To compare the results of communities continuing annual versus continuing biannual mass azithromycin distribution, we used a multiple linear regression model with terms for the TANA I baseline value and distribution schedule. Because communities were not re-randomized to annual versus biannual treatment at the start of TANA II, we included the TANA I baseline value: inclusion of the TANA II baseline value would have been a post-randomization correction.

Results

During the first TANA trial, 12 subkebeles received 4 annual mass azithromycin distributions and 12 subkebeles received 8 biannual mass azithromycin distributions over 3 years, with antibiotic coverage generally exceeding 80% in each community [18]. The results of the TANA I trial have been reported previously [18]. Briefly, the prevalence of ocular chlamydial infection in 0- to 9-year-olds as assessed by AMPLICOR decreased in both of the treatment groups after 3 years of repeated mass azithromycin distributions, from 41.9% to 1.9% in the annual group and from 38.3% to 3.2% in the biannual group. The baseline visit for TANA II took place 54 months after the baseline TANA I visit, which was 18 months after the final mass azithromycin distribution in the annually treated group, and 12 months after the final mass azithromycin distribution in the biannually treated group. Community characteristics for the baseline TANA II visit are shown in Table 1. Antibiotic coverage during TANA II for the 24 communities randomized to continuation of annual or biannual mass azithromycin distribution generally exceeded 80% at each distribution (Table 2). No adverse events were reported in the study.
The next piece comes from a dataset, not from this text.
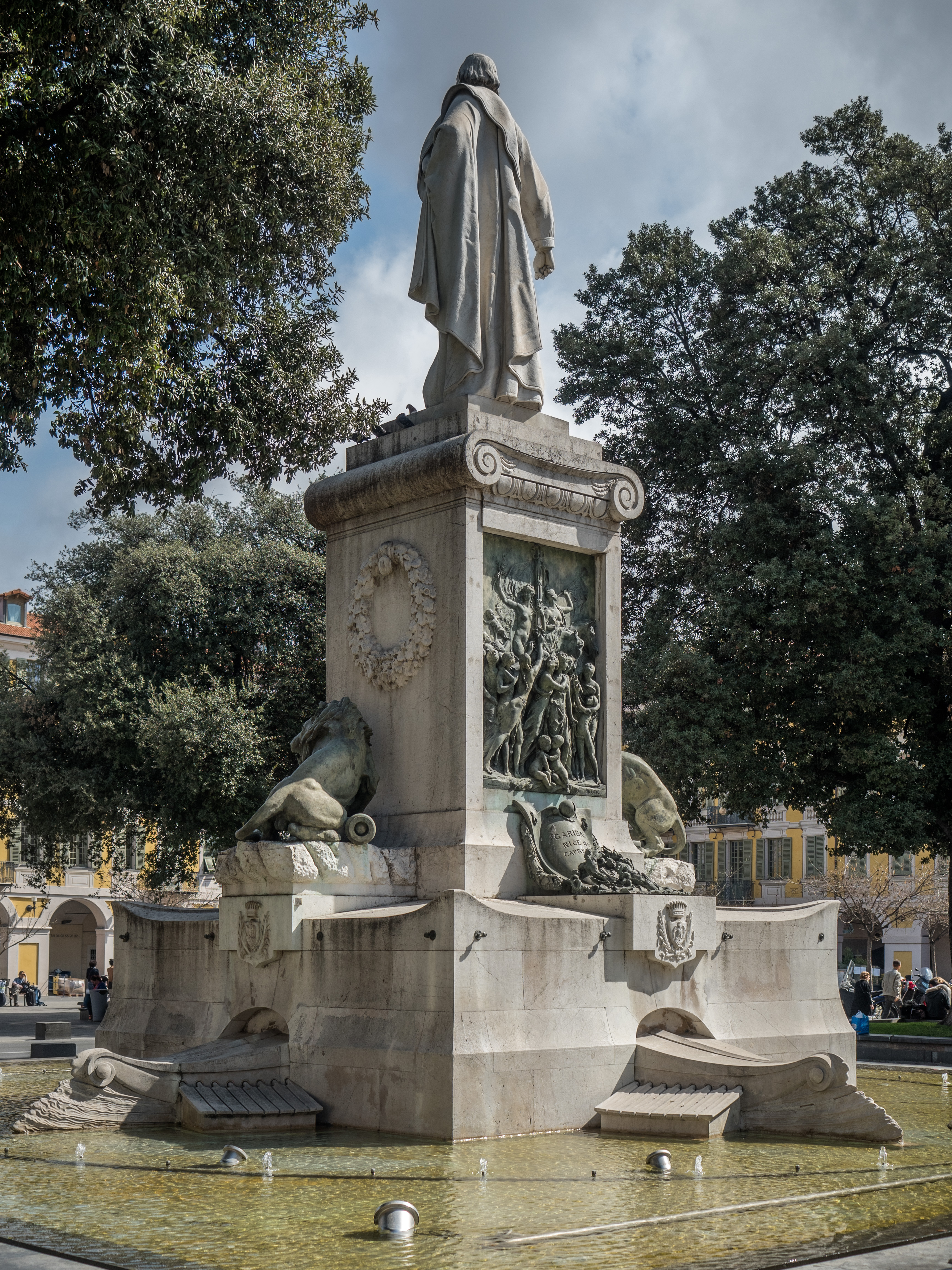 Garibaldi monument seen from the rear

Tables 3 and 4 show the prevalence of ocular chlamydia among children aged 0–9 years in each state team over time in the discontinuation and continuation arms, respectively. In the 24 state teams in which mass azithromycin distribution was discontinued, the mean prevalence of ocular chlamydia infection increased from 8.3% (95% CI 4.2% to 12.4%) at TANA II baseline to 14.7% (95% CI 8.7% to 20.8%) at the 36-month visit (P = 0.04, paired t test). This result was consistent with a repeated measures model that included all time points (P = 0.01) and with a Wilcoxon signed-rank test (P = 0.054). In contrast, the prevalence of ocular chlamydia did not change markedly in the 24 state teams where mass azithromycin distribution was continued, decreasing from 7.2% (95% CI 3.3% to 11.0%) at TANA II baseline to 6.6% (95% CI 1.1% to 12.0%) at 36 months (P = 0.85, paired t test), although a repeated measures model including all time points indicated a decrease in prevalence over time (P = 0.047).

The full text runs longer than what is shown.